Mss51p promotes mitochondrial Cox1p synthesis and interacts with newly synthesized Cox1p.

作者信息

Perez-Martinez Xochitl, Broadley Sarah A, Fox Thomas D

机构信息

Department of Molecular Biology and Genetics, Cornell University, Ithaca, NY 14853-2703, USA.

出版信息

EMBO J. 2003 Nov 3;22(21):5951-61. doi: 10.1093/emboj/cdg566.

Abstract

The post-transcriptional role of Mss51p in mitochondrial gene expression is of great interest since MSS51 mutations suppress the respiratory defect caused by shy1 mutations.

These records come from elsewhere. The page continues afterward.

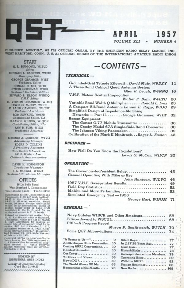 Published Apr 1957 by American Radio Relay League, Inc..$24.00
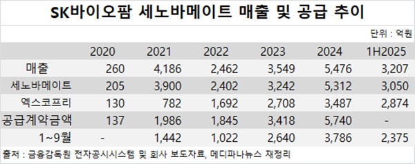 SK바이오팜 관계자는 이날 메디파나뉴스와 통화에서 "공급계약 규모가 줄어든 건 매출이 늘어나면서 공시 대상 건이 적어진 영향 때문이다. 계약금액이 최근 매출액 대비 일정 비율을 넘어야 하는데 매출이 늘면서 대상 건이 줄어든 것"이라며 "관세 관련 불확실성이 커지면서 물량을 미리 넘겨 두고 있는 것으로 안다"고 설명했다.
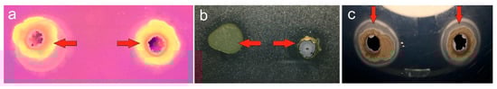 Lipase-producing strains: (a) Yarrowialipolytica ATCC 18942 in olive oil using a rhodamine B agar plate, (b) Burkholderiacepacia DSM 7288 on a tributyrin agar plate, (c) Moesziomycesantarcticus ATCC 28323 on a Tween 80 agar plate.
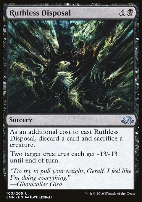 As an additional cost to cast this spell, discard a card and sacrifice a creature. Two target creatures each get -13/-13 until end of turn.
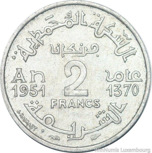 R8014 Morocco 2 Francs Mohammed V AH 1370 1951 A Paris AU -> Make offer

SHY1 is a Saccharomyces cerevisiae homolog of human SURF1, which when mutated causes a cytochrome oxidase assembly defect. We found that MSS51 is required for expression of the mitochondrial reporter gene ARG8(m) when it is inserted at the COX1 locus, but not when it is at COX2 or COX3. Unlike the COX1 mRNA-specific translational activator PET309, MSS51 has at least two targets in COX1 mRNA. MSS51 acts in the untranslated regions of the COX1 mRNA, since it was required to synthesize Arg8p when ARG8(m) completely replaced the COX1 codons. MSS51 also acts on a target specified by the COX1 coding region, since it was required to translate either COX1 or COX1:: ARG8(m) coding sequences from an ectopic COX2 locus. Mss51p was found to interact physically with newly synthesized Cox1p, suggesting that it could coordinate Cox1p synthesis with insertion into the inner membrane or cytochrome oxidase assembly.

摘要

Mss51p在线粒体基因表达中的转录后作用备受关注,因为MSS51突变可抑制shy1突变导致的呼吸缺陷。SHY1是人类SURF1在酿酒酵母中的同源物,其突变会导致细胞色素氧化酶组装缺陷。我们发现,当线粒体报告基因ARG8(m)插入COX1位点时,MSS51是其表达所必需的,但当它位于COX2或COX3位点时则不是。与COX1 mRNA特异性翻译激活因子PET309不同,MSS51在COX1 mRNA中至少有两个作用靶点。MSS51在COX1 mRNA的非翻译区发挥作用,因为当ARG8(m)完全取代COX1密码子时,合成Arg8p需要MSS51。MSS51还作用于由COX1编码区指定的一个靶点,因为从异位COX2位点翻译COX1或COX1::ARG8(m)编码序列需要MSS51。研究发现Mss51p与新合成的Cox1p存在物理相互作用,这表明它可能将Cox1p的合成与插入内膜或细胞色素氧化酶组装过程协调起来。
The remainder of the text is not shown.